To amend the Safe Drinking Water Act to reauthorize technical assistance to small public water systems, and for other purposes.


June 23, 2015

Mr. Harper (for himself and Mr. Tonko) introduced the following bill; which was referred to the Committee on Energy and Commerce


To amend the Safe Drinking Water Act to reauthorize technical assistance to small public water systems, and for other purposes.

Be it enacted by the Senate and House of Representatives of the United States of America in Congress assembled,

SECTION 1. Short title.

This Act may be cited as the “Grassroots Rural and Small Community Water Systems Assistance Act”.

SEC. 2. Findings.

Congress finds that—

(1) the Safe Drinking Water Act Amendments of 1996 (Public Law 104–182) authorized technical assistance for small and rural communities to assist those communities in complying with regulations promulgated pursuant to the Safe Drinking Water Act (42 U.S.C. 300f et seq.);

(2) technical assistance and compliance training—

(A) ensures that Federal regulations do not overwhelm the resources of small and rural communities; and

(B) provides small and rural communities lacking technical resources with the necessary skills to improve and protect water resources;

(3) across the United States, more than 90 percent of the community water systems serve a population of less than 10,000 individuals;

(4) small and rural communities have the greatest difficulty providing safe, affordable public drinking water and wastewater services due to limited economies of scale and lack of technical expertise; and

(5) in addition to being the main source of compliance assistance, small and rural water technical assistance has been the main source of emergency response assistance in small and rural communities.

SEC. 3. Sense of Congress.

It is the sense of Congress that—

(1) to assist small and rural communities most effectively, the Administrator of the Environmental Protection Agency should prioritize the types of technical assistance that are most beneficial to those communities, based on input from those communities; and

(2) local support is the key to making Federal assistance initiatives work in small and rural communities to the maximum benefit.

SEC. 4. Funding priorities.

Section 1442(e) of the Safe Drinking Water Act (42 U.S.C. 300j–1(e)) is amended—

(1) by designating the first through seventh sentences as paragraphs (1) through (7), respectively;

(2) in paragraph (5) (as so designated), by striking “1997 through 2003” and inserting “2015 through 2020”; and

(3) by adding at the end the following:


“(A) IN GENERAL.—The Administrator may use amounts made available to carry out this section to provide grants or cooperative agreements to nonprofit organizations that provide to small public water systems onsite technical assistance, circuit-rider technical assistance programs, multistate, regional technical assistance programs, onsite and regional training, assistance with implementing source water protection plans, and assistance with implementing monitoring plans, rules, regulations, and water security enhancements.
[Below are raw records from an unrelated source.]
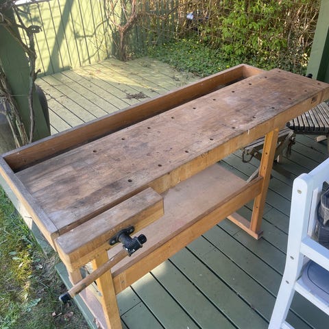 Solidt træ arbejdsbord/høvlbænk med to skruetvinger i siderne. Har hulrække i bordpladen og en åben opbevaringsbakke i den ene ende.trænger til en kærlig hånd. Det er et børne bord.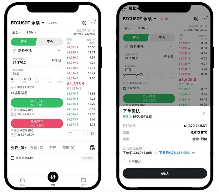 3.用户开仓的同时可以在【下单二次确认】里设置止盈止损,以规避风险,锁定收益。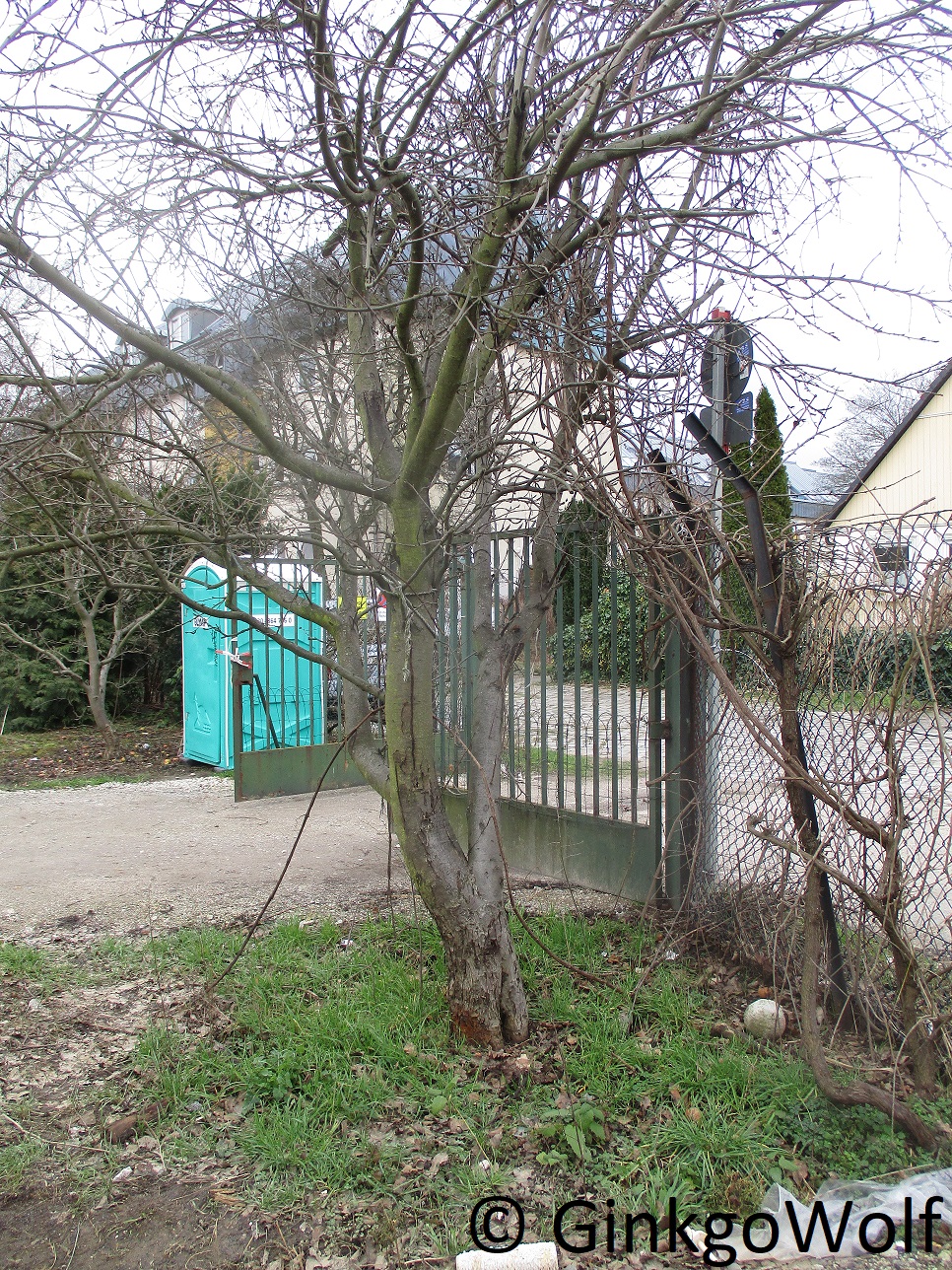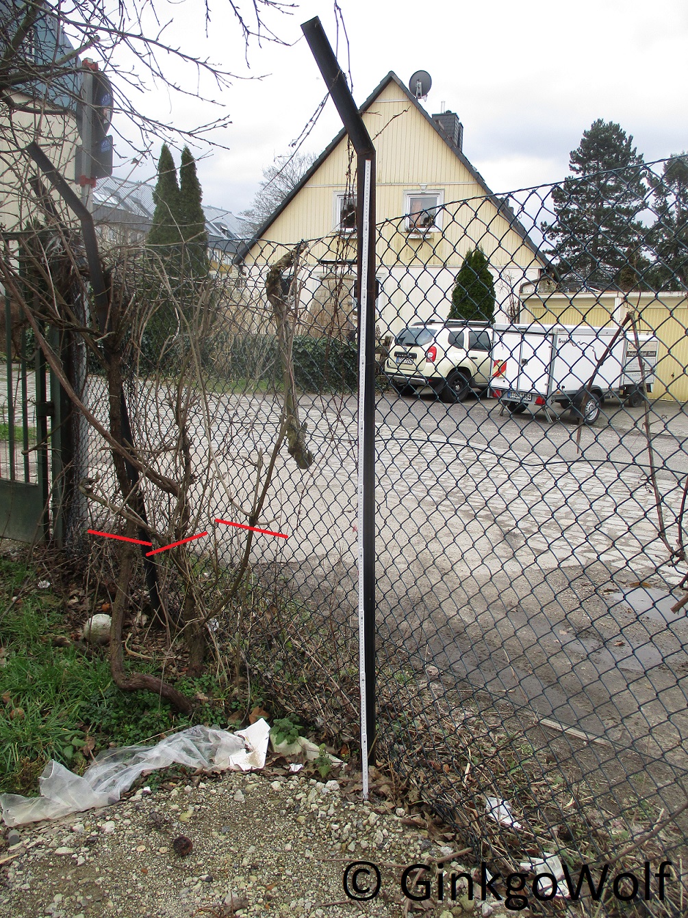 Also links und rechts jeweils vom Tor ist ein Stock. Der auf der rechten Seite, da steht links noch ein Apfelbaum daneben (der bleibt auch stehen, der Baum). Der Weinstock auf der linken Seite vom Tor... da steht grad leider das Dixieklo der Hochbauarbeiter halb davor. der Weinstock ist rechts neben dem Klo zu sehen.

“(B) PREFERENCE.—To ensure that technical assistance funding is used in a manner that is most beneficial to the small and rural communities of a State, the Administrator shall give preference under this paragraph to nonprofit organizations that, as determined by the Administrator, are the most qualified and experienced in providing training and technical assistance to small public water systems and that the small community water systems in that State find to be the most beneficial and effective.

“(C) LIMITATION.—No grant or cooperative agreement provided or otherwise made available under this section may be used for litigation pursuant to section 1449.”.